Wie in der Parfümerie unterteilt man ätherische Öle nach ihrer Flüchtigkeit:

„Ein gelungener Raumduft verbindet flüchtige Frischenoten mit beruhigenden Herz- und erdenden Basisnoten zu einer harmonischen Synergie.“

1. Die Kopfnote (Top Note)

Leicht, frisch und rasch verfliegend (ca. 15–30 Minuten). Sie vermittelt den ersten Eindruck. Beispiele: Zitrone, Bergamotte, Pfefferminze, Grapefruit.

2. Die Herznote (Middle Note)

Charakterbildend und mäßig flüchtig (ca. 2–4 Stunden). Sie bildet das Herzstück der Duftmischung. Beispiele: Lavendel, Kamille, Rose, Geranie.

3. Die Basisnote (Base Note)

Schwer, erdend und langanhaltend (bis zu 24 Stunden). Sie fixiert leichtere Noten im Raum. Beispiele: Zirbelkiefer, Sandelholz, Weihrauch, Zeder.

Die 6 beliebtesten Öle im Detail-Profil

1. Echter Lavendel (Lavandula angustifolia)

Gilt als die Königin der Heilpflanzen in der Aromatherapie. Das enthaltene Linalool und Linalylacetat wirken beruhigend auf das zentrale Nervensystem, fördern die Entspannung der Muskulatur und schenken tiefen Schlaf.

Ideal für: Schlafzimmer, Meditation, Stressabbau.

2. Zirbelkiefer / Arve (Pinus cembra)

Gewonnen aus den Nadeln und dem Holz der alpinen Zirbe.
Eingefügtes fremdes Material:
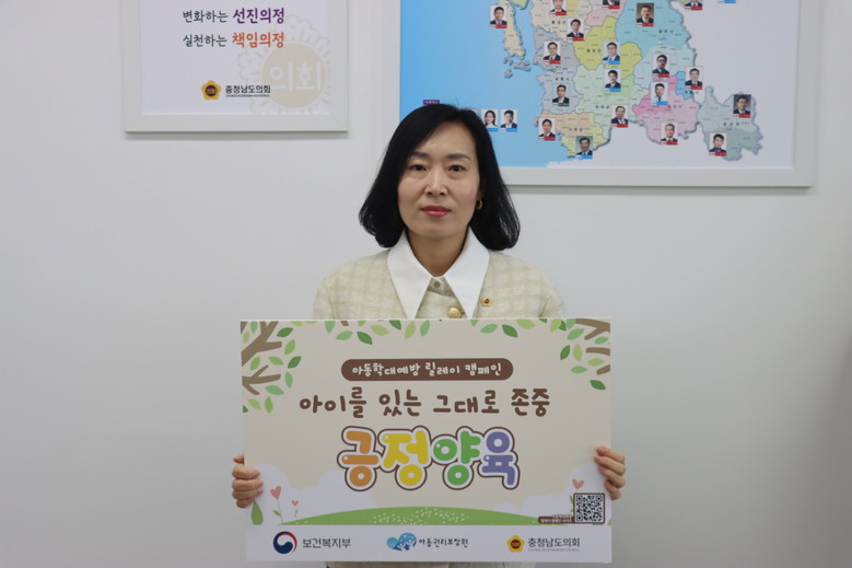 이어 신 의원은 “아이들은 자신이 존중받고 있다고 느낄 때, 사회에서도 긍정적이고 건강한 인간관계를 형성할 수 있고, 더 나은 사회를 만들 수 있다”며 “충남도의회 내에서도 이 캠페인을 적극적으로 확산시켜 아동학대 예방에 대한 인식을 높일 것”이라고 밝혔다.

Zirbenöl verströmt einen harzigen, würzigen Waldduft. Studien zeigen, dass der Duft die Herzfrequenz in Ruhephasen senken kann.

Ideal für: Ruhezonen, Schlafzimmer, Sauna.

3. Zitrone & Bergamotte

Reich an D-Limonen. Zitrusdüfte heben nachweislich die Stimmung, fördern die Produktion von Serotonin und schärfen die Konzentrationsfähigkeit.

Ideal für: Home-Office, Besprechungsräume, Küche.

4. Eukalyptus (Eukalyptus globulus)

Enthält bis zu 85 % Cineol. Wirkt stark erfrischend, entzündungshemmend und befreit verstopfte Atemwege im Winter.

Ideal für: Erkältungszeiten, Fitnessräume, Badezimmer.

5. Pfefferminze (Mentha piperita)

Hoher Mentholgehalt sorgt für sofortige Frische. Hilft bei Erschöpfungszuständen und leichten Spannungskopfschmerzen.

6. Sandelholz & Weihrauch

Warme, balsamische Duftnoten mit tiefer spiritueller Tradition. Fördern Achtsamkeit und Erdung bei Yoga und Meditation.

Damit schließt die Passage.